Churches and mosques were reopened on 10 May at reduced capacity. The number of worshippers was not allowed to exceed 30% of the total capacity, and sanitary conditions and preventive measures were to be followed. Churches and mosques had been closed since 15 March to prevent the spread of the virus.

=== Public places and businesses ===
On 21 January, weeks before the first case in Lebanon was confirmed, the Lebanese Football Association announced that they would suspend operations due to financial reasons; this suspension caused all remaining games of the 2019–20 Lebanese Premier League season to be cancelled.

On 6 March, gyms, cinemas, theaters, and nightclubs were ordered to close their doors.

On 11 March, all restaurants in Lebanon closed.

On 12 March, most major malls announced their closure until further notice.

On 4 May, restaurants and barbers were allowed to reopen, although at reduced capacity.

On 12 October, nightclubs and bars were ordered to close alongside an expanded lockdown.

=== Government ===
On 9 March, Lebanese Parliament closed down. All people were instructed by the government to stay home, and the army was asked to intervene by order of the Lebanese president and prime minister.
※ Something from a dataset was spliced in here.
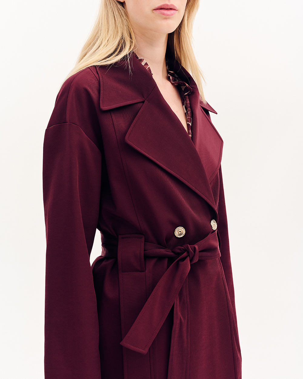 Καπαρντίνα μακριά με μείγμα από βαμβακερό ύφασμα. Γιακάς με πέτο, ζώνη, τσέπες φιλέτο μπροστά και μία εσωτερική.

On 12 March, the government announced that internet service through the public provider Ogero would be boosted through the end of April, to encourage users to stay home. Other private internet companies and phone line companies followed suit with similar discounts/boosts for their customers.

== Technology ==
On 21 February 2020, the international Lebanese website, "Lebanon Info Center", was the first Lebanese website to officially cover the COVID-19 situation in Lebanon, with its page "Lebanon Coronavirus (COVID-19) Emergency", thus, it was the first to offer official emergency and cases numbers, non-commercial recommendations and advice that are based on science and the actual situation on the Lebanese territories.
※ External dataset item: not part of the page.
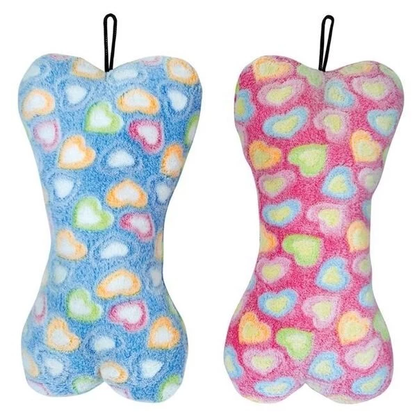 Poly-filled plush bone toys with sweetheart pastel pattern and squeaker will be irresistible. 7.5" bones are perfect for snuggling and play. Great for restocking retail displays and promoting impulse buys. SpecificationsColor: PinkSize: 7.5 in.Weight: 0.12 lbs

On 12 March 2020, a media site in Lebanon, The961, announced the launch of a live tracker monitoring the number of confirmed cases, deaths, and recoveries in Lebanon in real-time, manually cross-referencing three sources by directly communicating with the Ministry of Health, World Health Organization and the Lebanese Red Cross. In the announcement thread, The961 founder, Anthony Kantara, explained the frustration of the lack of consistent and clear information as the motivator. The dedicated page also includes the latest news, updates and FAQs surrounding COVID-19.
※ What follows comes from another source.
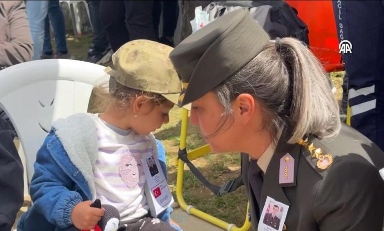 Bir bayan kumandan, şehidin 4 yaşındaki kızı Alya’nın kıyafetine, babasının fotoğrafı ve “şehit çocuğu” yazan kağıdı toplu iğne ile taktı. Komutanın “dikkat edelim iğne sana batmasın” sözleri üzerine Alya da “Toplu iğne babama batıyor. Babaya batmadan kenardan yapalım.” dedi.

On 19 March, the Information Minister Manal Abdul Samad launched a government site dedicated to the COVID-19 outbreak in Lebanon. This website provides the latest statistics regarding COVID-19 infections in Lebanon. However, the website updates may depend on the ministry availability constraints.

== Politicization ==
As the first flight introducing coronavirus patients was a flight from Qom, Iran—a city plagued by the coronavirus—some Lebanese citizens and media have cast blame onto Iran and Hezbollah for being silent about the issue and not taking necessary measures against it. Some agents blamed Iran for bringing the virus into the country. Following that, Information Minister Manal Abdul-Samad warned against involving political tensions in the pandemic.

== Economic impact ==
Non-payment of salaries was reported. A suffocating economic crisis has left Lebanon's poor with little or no means to cope with extra hardship.

The United Nations High Commissioner for Human Rights Michelle Bachelet raised the alarm on Lebanon's socio-economic crisis on 10 July 2020. Her statement cited Lebanese and UN figures that estimated 75% of Lebanon's population are in need of aid. Since October, the lebanese pound had lost more than 80% of its value and chronic power cuts are now the norm. In addition, Lebanon hosts more than 250,000 migrant workers, many of which have lost their jobs, not been paid, been left homeless, and unable to send remittances to their families back home. Bachelet called on the country's political parties to urgently enact reforms and prioritize essentials such as electricity, food, health and education.

== Controversy ==
Lebanon has faced a significant shortage of test kits amidst the outbreak. Al Jazeera reported that illegal migrants have no access to testing.